The clock goes straight to the raw DSD valve DAC (shortest possible path for minimum jitter) and via an isolator to the Beagle Bone Black, while the data go from the Beagle Bone Black via an isolator to the flip-flops. That means there are two isolator delays and a Beagle Bone delay in the data path that are not in the clock path. So for the set-up time of the first flip-flops of the raw DSD valve DAC, it is the isolator delay rather than the delay matching that matters.
I actually drafted a lvds version, but it is a bit clunky. I am going to redo it and draft another version (AD4654/AD4655 for data and clock, regular Adum for mute and other slow lines) later today and tomorrow.
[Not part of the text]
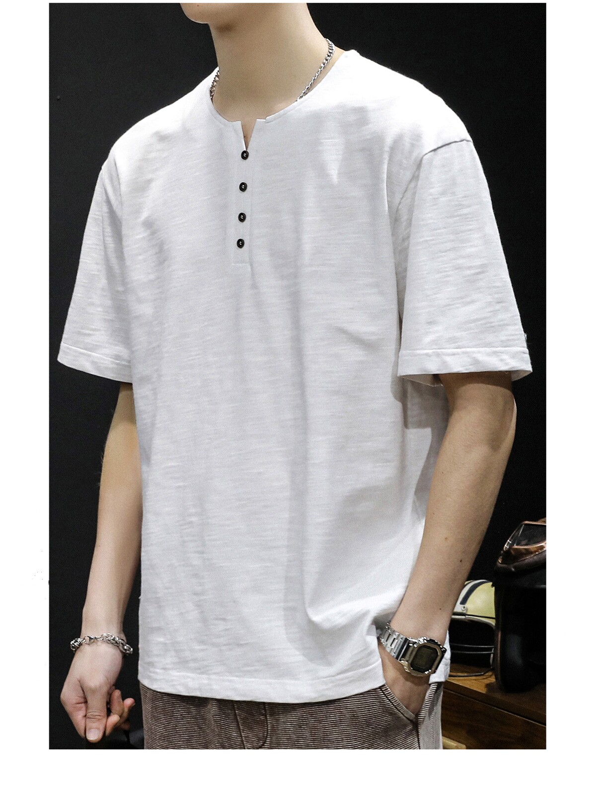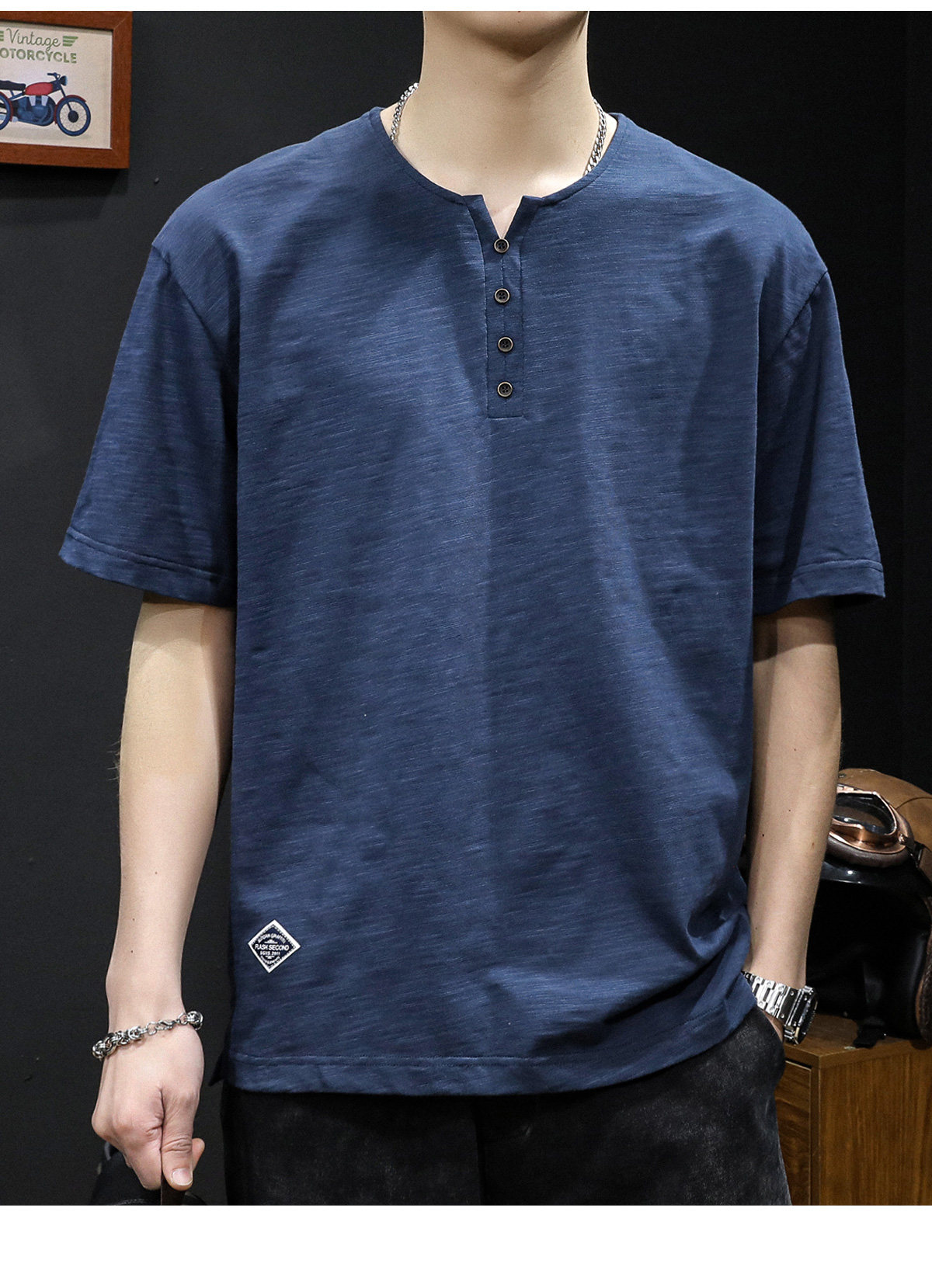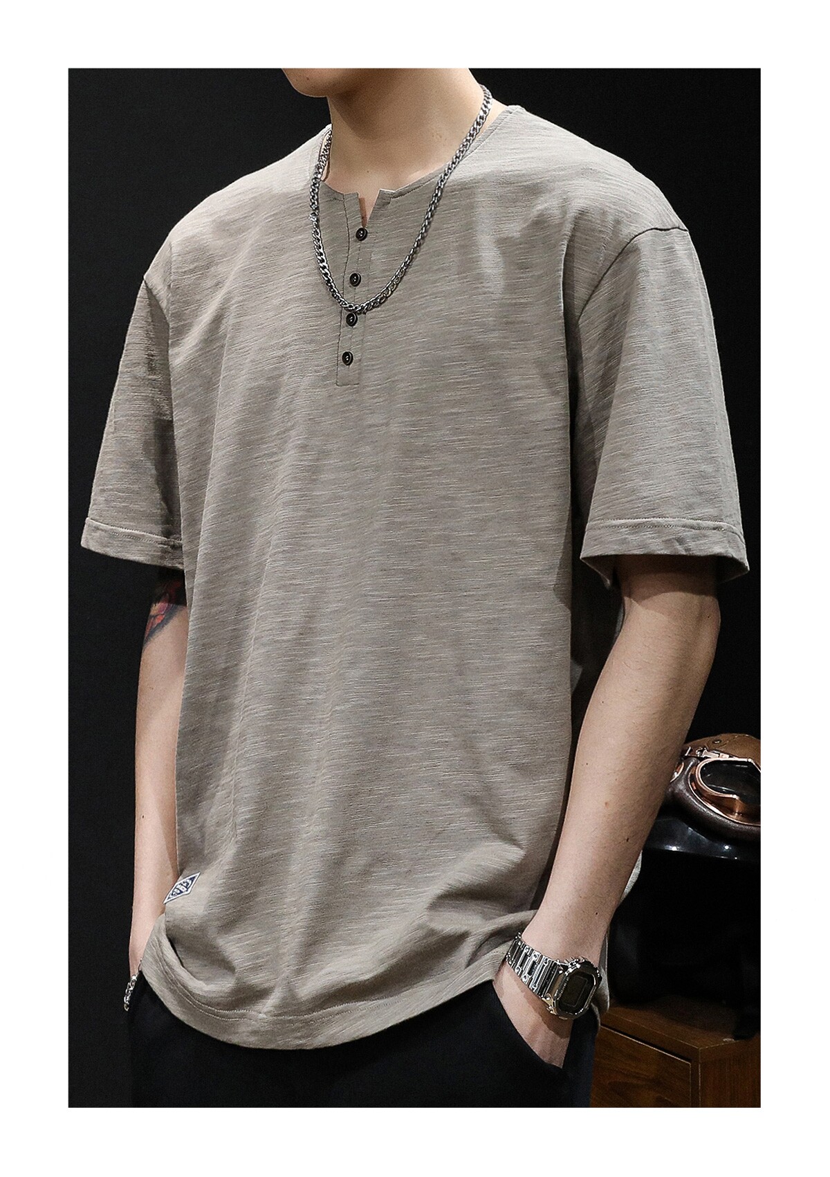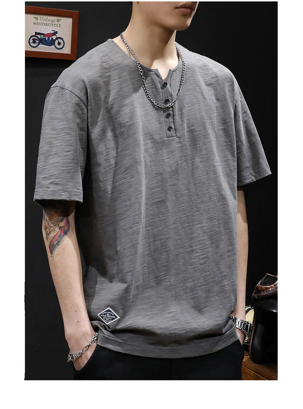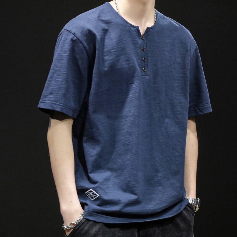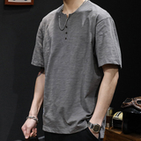 Бамбуковая хлопковая японская ретро футболка с коротким рукавом, свободный крой
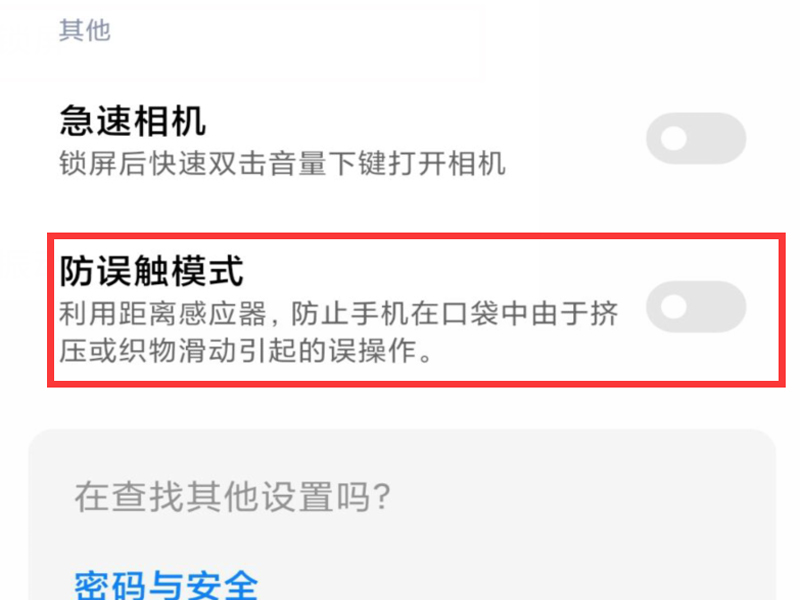 2、把页面中的“防误触模式”按钮进行关闭即可,关闭后感应器遮住也不会黑屏了。

I am reading and learning quite a bit about lvds last couple days. I found these newly released combined lvds isolator and sender/receiver. drum roll please .................. 4 ns typical propagation delay, 2.6 ps rms typical random jitter, rms, 90 ps typical peak-to-peak total jitter at 1.1 Gbps. They run on 2.5VDC.
Selection Table for Isolated LVDS | Parametric Search | Analog Devices
I think I can use a 2:2 differential clock multiplexer and feed one signal, all differential, from the DAC side, pass the cable, to BBB, and then convert to lvttl just before the BBB mck-in. The other signal goes from the multiplexer to a non-inverted schmitt-trigger and to a valve dac.
Selection Table for Isolated LVDS | Parametric Search | Analog Devices
I think I can use a 2:2 differential clock multiplexer and feed one signal, all differential, from the DAC side, pass the cable, to BBB, and then convert to lvttl just before the BBB mck-in. The other signal goes from the multiplexer to a non-inverted schmitt-trigger and to a valve dac.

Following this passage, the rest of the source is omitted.